Task requirements
Repeat the data word for word, excluding every picture.

Recorded data
------------------------------------

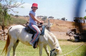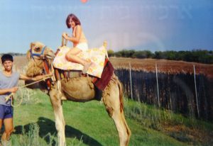 משק חי בית השטה דליה צבי מוליכה את הפוני עם רוכב קטן.2002
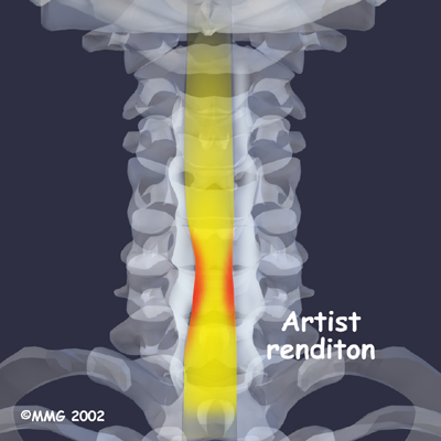 The spinal cord is a column of nerve tissue protected by a bony tube in the spinal column. Conditions that narrow the space in this tube put the spinal cord at risk of getting squeezed. This narrowing in the spinal column of the neck is called cervical spinal stenosis, or cervical stenosis. Pressure against the spinal cord as a result of spinal stenosis causes myelopathy, a condition that demands medical attention. Myelopathy can cause problems with the bowels and bladder, change the way you walk, and affect your ability to use your fingers and hands.
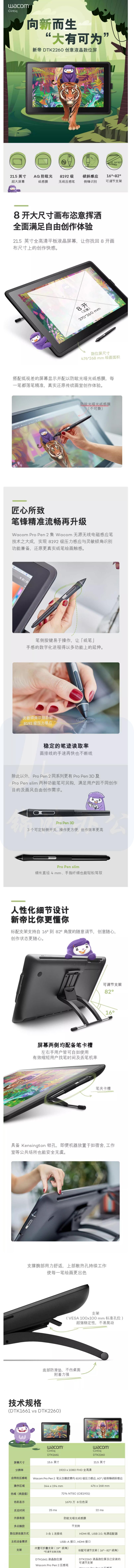 wacom 数位屏新帝21.5英寸画板显示屏 DTK2260全高清液晶绘画屏

------------------------------------

Reply
 משק חי בית השטה דליה צבי מוליכה את הפוני עם רוכב קטן.2002
 The spinal cord is a column of nerve tissue protected by a bony tube in the spinal column. Conditions that narrow the space in this tube put the spinal cord at risk of getting squeezed. This narrowing in the spinal column of the neck is called cervical spinal stenosis, or cervical stenosis. Pressure against the spinal cord as a result of spinal stenosis causes myelopathy, a condition that demands medical attention. Myelopathy can cause problems with the bowels and bladder, change the way you walk, and affect your ability to use your fingers and hands.
 wacom 数位屏新帝21.5英寸画板显示屏 DTK2260全高清液晶绘画屏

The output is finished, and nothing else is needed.